## [Exercise aim]
Reproduce verbatim all of the data given below, but do not carry over the images.

## [Records shown]
BEGIN

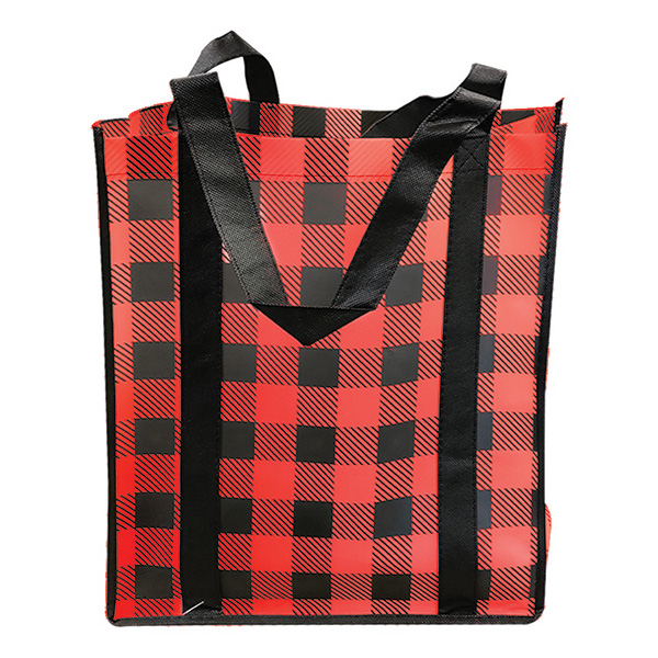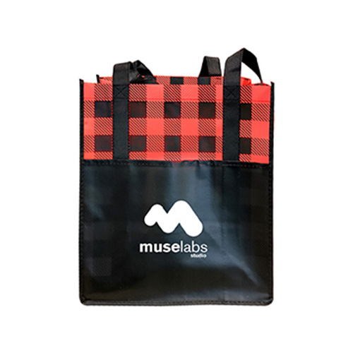80 gram non woven and 35 gram laminated non woven polypropylene. Open main compartment. Front open slash pocket. Two 1.25" W x 50" long handles/shoulder straps. The perfect reusable and fashionable tote for groceries and much more. Price includes one colour, one location imprint.
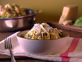Tagliatelle with Smashed Peas, Sausage, and Ricotta Cheese
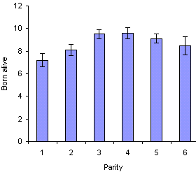 variance was performed to evaluate the effect of parity on the number of piglets born
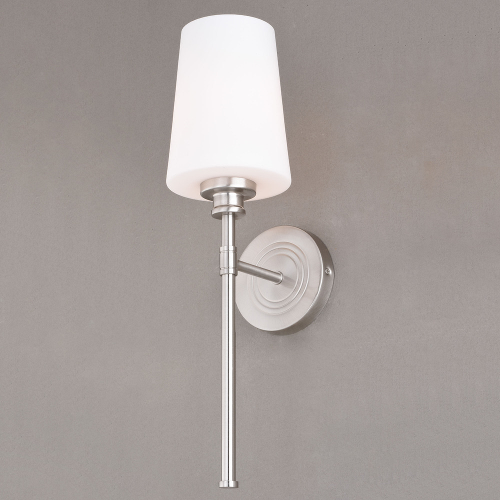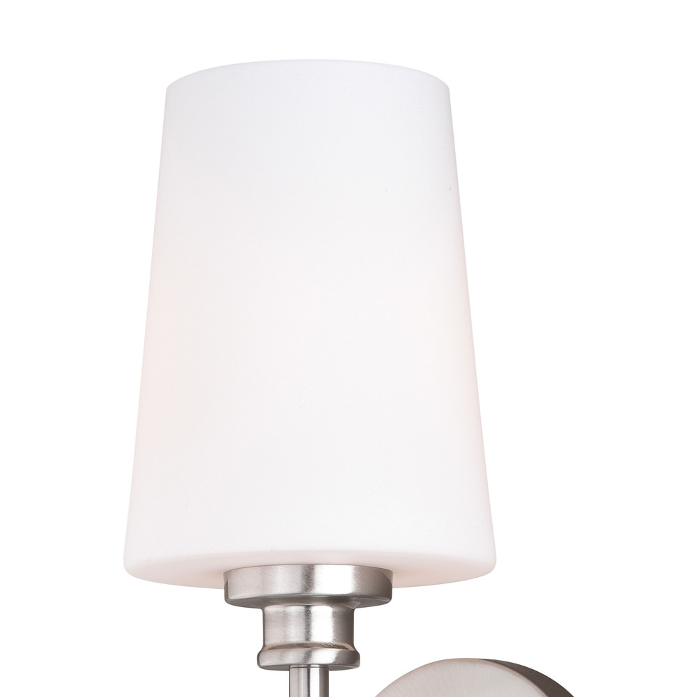 Classic styling and elegance come together in perfect harmony with the Clark collection. The smooth nickel finish provides balance to the frosted opal glass shade. This wall sconce is ideal for bathrooms, hallways, stairways, foyers, and more.
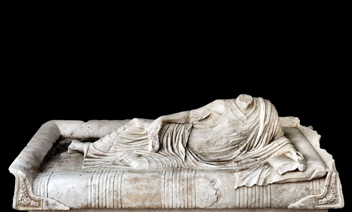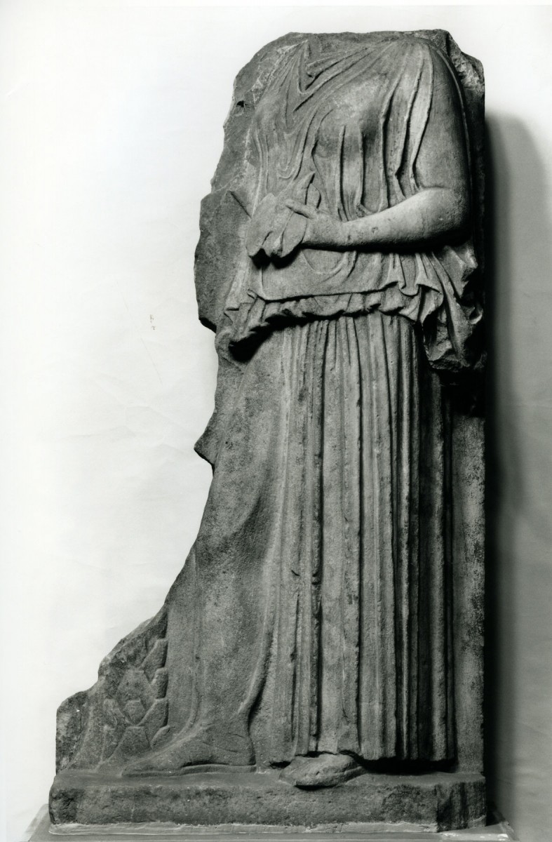Η δρ Έλενα Βλαχογιάννη, Επιμελήτρια στη Συλλογή Έργων Γλυπτικής του Εθνικού Αρχαιολογικού Μουσείου, παρουσιάζει μια τιμητική στήλη με ανάγλυφη παράσταση γυναικείας μορφής.
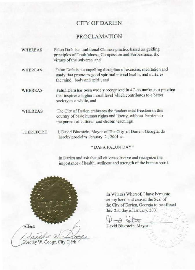 【明慧网2001年1月11日】 乔治亚州德瑞市宣布2001年1月2日为“法轮大法日”
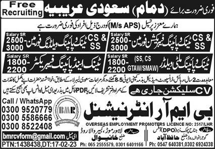BMR Arab Tech International is looking for candidates for following posts as per job advertisement published in daily Express Newspaper of February 18, 2023 for location Dammam, riyadh Saudi Arabia:
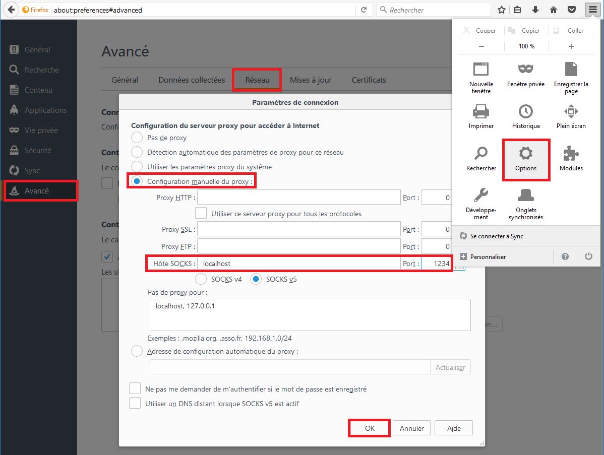 Dernière étape, installer Firefox et configurer un proxy comme indiqué dans la capture ci-dessous :

END

## [Response box]
80 gram non woven and 35 gram laminated non woven polypropylene. Open main compartment. Front open slash pocket. Two 1.25" W x 50" long handles/shoulder straps. The perfect reusable and fashionable tote for groceries and much more. Price includes one colour, one location imprint.
Tagliatelle with Smashed Peas, Sausage, and Ricotta Cheese
 variance was performed to evaluate the effect of parity on the number of piglets born
 Classic styling and elegance come together in perfect harmony with the Clark collection. The smooth nickel finish provides balance to the frosted opal glass shade. This wall sconce is ideal for bathrooms, hallways, stairways, foyers, and more.
Η δρ Έλενα Βλαχογιάννη, Επιμελήτρια στη Συλλογή Έργων Γλυπτικής του Εθνικού Αρχαιολογικού Μουσείου, παρουσιάζει μια τιμητική στήλη με ανάγλυφη παράσταση γυναικείας μορφής.
 【明慧网2001年1月11日】 乔治亚州德瑞市宣布2001年1月2日为“法轮大法日”
BMR Arab Tech International is looking for candidates for following posts as per job advertisement published in daily Express Newspaper of February 18, 2023 for location Dammam, riyadh Saudi Arabia:
 Dernière étape, installer Firefox et configurer un proxy comme indiqué dans la capture ci-dessous :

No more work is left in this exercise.